Hello,
I am currently trying to implement the following model:
I have a number of political experts, who in the past have made estimation about the outcome of elections.
I assume each expert has an accuracy/edge which makes his prediction better than a random guess.
I have built a model, which allows me to both estimate an experts accuracy based on past events, and make inference about the outcome of a future event of which only the experts’ predictions are known to the model.
While the model can reconstruct the experts’ accuracy rather well, the implied probabilities for future events are not useful and the posterior looks way off what I would expect given the model.
This is a working minimum example:
# Imports
import matplotlib.pyplot as plt
import numpy as np
import pandas as pd
import pymc3 as pm
import seaborn as sns
# Experts and Events
n_train_events = 10
n_test_events = 2
n_events = n_train_events + n_test_events
event_outcomes = np.random.binomial(1, 0.5, n_events)
n_experts = 10
n_observations = n_events * n_experts
# use a Beta (2,2)
expert_accuracy = np.random.beta(2, 2, n_experts)
# Dummy Dataset
expert_event_df = pd.DataFrame(columns=['expert_id', 'event_id', 'expert_pred', 'true_outcome'],
index=np.arange(n_observations))
i = 0
for event_idx in range(n_events):
event_outcome = event_outcomes[event_idx]
correct_pred = np.random.binomial(1, expert_accuracy)
random_guess = np.random.binomial(1, 0.5 * np.ones(n_experts))
event_pred = correct_pred * event_outcome + \
(1 - correct_pred) * random_guess
idx_slice = expert_event_df.index.isin(expert_event_df.index[i:i+n_experts])
expert_event_df.loc[idx_slice, 'expert_id'] = np.arange(n_experts)
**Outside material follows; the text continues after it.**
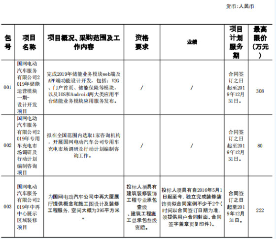 中國儲能網(wǎng)訊:國網(wǎng)電動汽車服務(wù)有限公司2019年第九批服務(wù)招標(biāo)采購項目進行招標(biāo)。內(nèi)容包括國網(wǎng)電動汽車服務(wù)有限公司2019年儲能運營模塊一期-設(shè)計開發(fā)項目擬采購?fù)瓿?019年儲能業(yè)務(wù)模塊web端及APP端功能設(shè)計開發(fā),包括:儲能V2G功能、門戶首頁、儲能保險等模塊,以及IOS和Android兩大類應(yīng)用平臺儲能業(yè)務(wù)模塊應(yīng)用服務(wù)發(fā)布;國網(wǎng)電動汽車服務(wù)有限公司2019年專用車充電市場調(diào)研及行動計劃編制咨詢項目擬在全國范圍內(nèi)選取1家咨詢機構(gòu),開展國網(wǎng)電動汽車公司專用車充電市場調(diào)研及行動計劃編制咨詢工作等。詳情如下:

expert_event_df.loc[idx_slice, 'event_id'] = event_idx
expert_event_df.loc[idx_slice, 'expert_pred'] = event_pred
expert_event_df.loc[idx_slice, 'true_outcome'] = event_outcome
i+= n_experts
# PyMC3 Model
expert_lookup = expert_event_df['expert_id'].astype(int).values
event_lookup = expert_event_df['event_id'].astype(int).values
observed_pred = expert_event_df['expert_pred'].values
# Test Event Outcomes are masked so that they are sampled
obs_outcomes = event_outcomes.copy()
obs_outcomes[-n_test_events:] = -1
masked_data = np.ma.masked_array(obs_outcomes, obs_outcomes == -1, fill_value=-1)
with pm.Model() as model:
pm_expert_accuracy = pm.Beta('pm_expert_accuracy',
alpha=1.0, beta=1.0,
shape=n_experts)
pm_event_prob = pm.Beta('pm_event_prob',
alpha=1.0, beta=1.0,
shape=n_events)
pm_event_outcome = pm.Bernoulli('pm_event_outcome',
p=pm_event_prob,
shape=n_events,
observed=masked_data)
broadcast_expert_accuracy = pm_expert_accuracy[expert_lookup]
broadcast_true_outcome = pm_event_outcome[event_lookup]
pm_expert_pred = pm.Deterministic('pm_expert_pred',
broadcast_expert_accuracy * (broadcast_true_outcome - 0.5) + 0.5)
expert_predictions = pm.Bernoulli('expert_predictions',
p=pm_expert_pred,
shape=n_observations,
observed=observed_pred)
# Sampling
with model:
trace = pm.sample(10000)
burned_trace = trace[1000:]
The problem is now with the posterior samples for pm_event_outcome_missing, so for the events whose outcomes I have masked. Even if I modify the dataset in a way that the experts’ estimates for the two events are completely random, the posterior distribution is always almost singular around 0 or 1.
Is there any obvious thing I am missing? Any advice on how to achieve a model which is better at reflecting uncertainty?
Thank you very much and kind regards.